Prediction: Web Browsers Will Control The World

03/14/2013 By Jayme Soulati

English: Browser usage share on Wikimedia Foun...

English: Browser usage share on Wikimedia Foundation projects on June 2011. (Photo credit: Wikipedia)

How’s your browser? No, I didn’t say bowser.

I’m talking about Mozilla (not gorilla) Firefox, Google Chrome, Microsoft Internet Explorer, Safari, and other steroidal and hormonal necessities of online life as we know it.

From the sounds of it, we can jump into a chrome fox mobile and explore while on a hot safari.
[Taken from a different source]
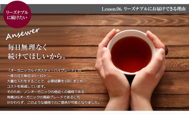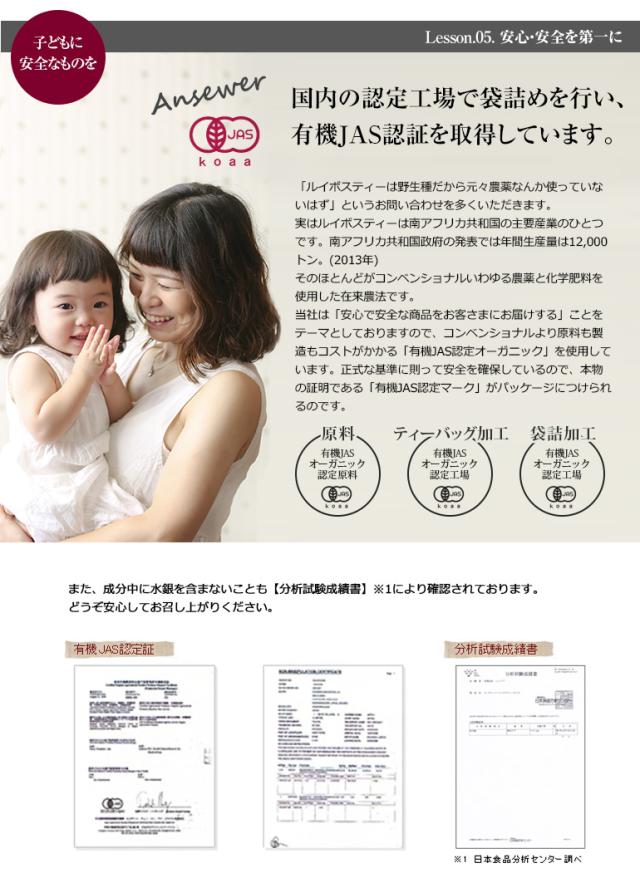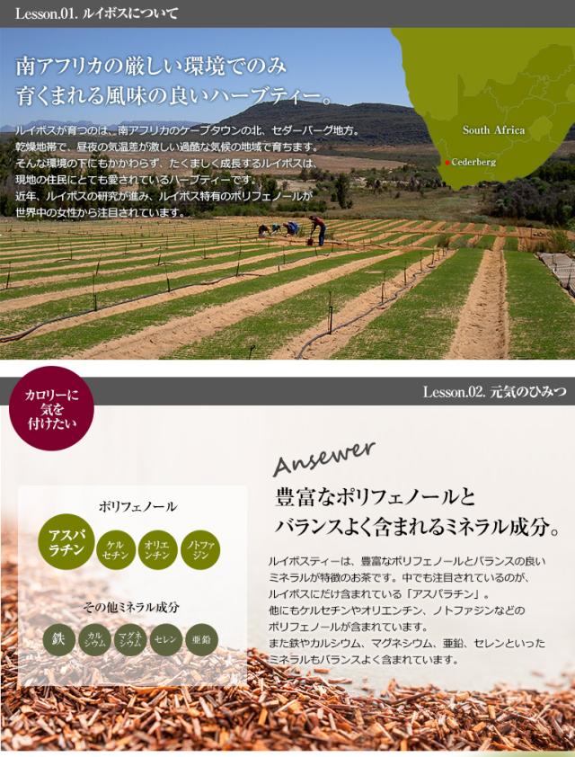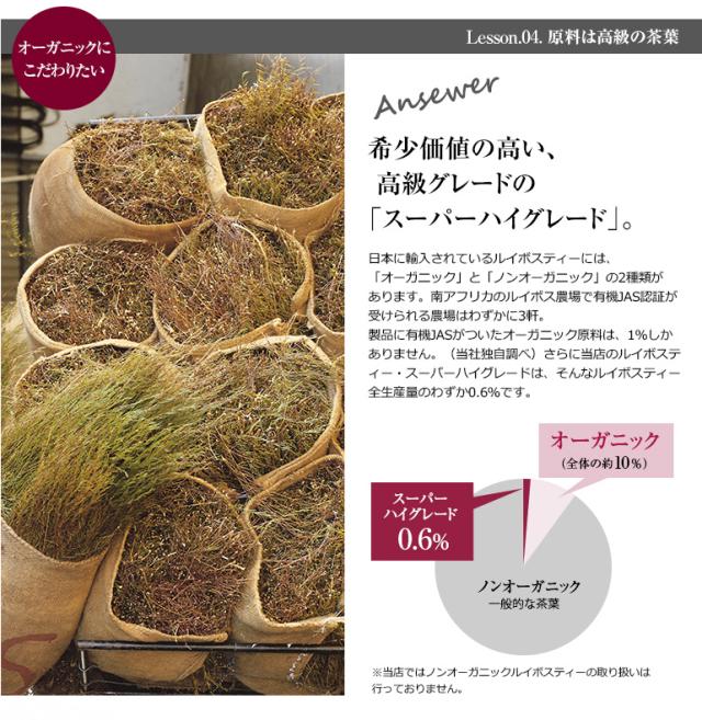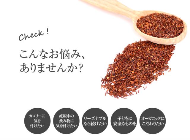 【特徴】最高品質のオーガニック・ルイボスティー茶葉は完全オーガニックなので安心・安全♪ 女性や子どもに嬉しいノンカフェイン・低タンニン。もちろん、フラボノイドもたっぷり。自然な甘みとすっきりした味わいの世界的に人気のあるお茶です。

I don’t know about you, but I’m a wee bit tired of the issues with browsers of late:

  • Google and Java don’t like each other.
  • Heck, Firefox and Java don’t get along, either.
  • Java and Shockwave interfere with Facebook.
  • Chrome doesn’t work with my webinar hosting platform.
  • Firefox is the best blog publishing browser, but there are glitches with Chrome.
  • Browser plug-ins? Fuhgeddaboudit. Don’t try them; stay basic.
  • Chrome is for anything else.
  • Safari is just for Apple.
  • Internet Explorer? Uhmm, who uses that?
  • Mac and Windows are arch enemies; that’s why I have to run both side by side with one browser for one OS and another browser for the other…or some such.

Get my drift?

My prediction: Web browsers will control the world; heck, they already do. (Not you hackers.)

I will cry harder because my work product productivity is seriously suffering already. Every day. I wish I was born an IT guru; the problem is my mom loved to read, so she probably read me books on creativity while I was nesting in her belly.

Back to our African safari…let’s throw in the food. The only thing I know for sure is to eat your cookies and clear your dough, I mean cache.

Clear your cache every two to three days and your browser should work fine.  At least, that’s what all IT support tells me.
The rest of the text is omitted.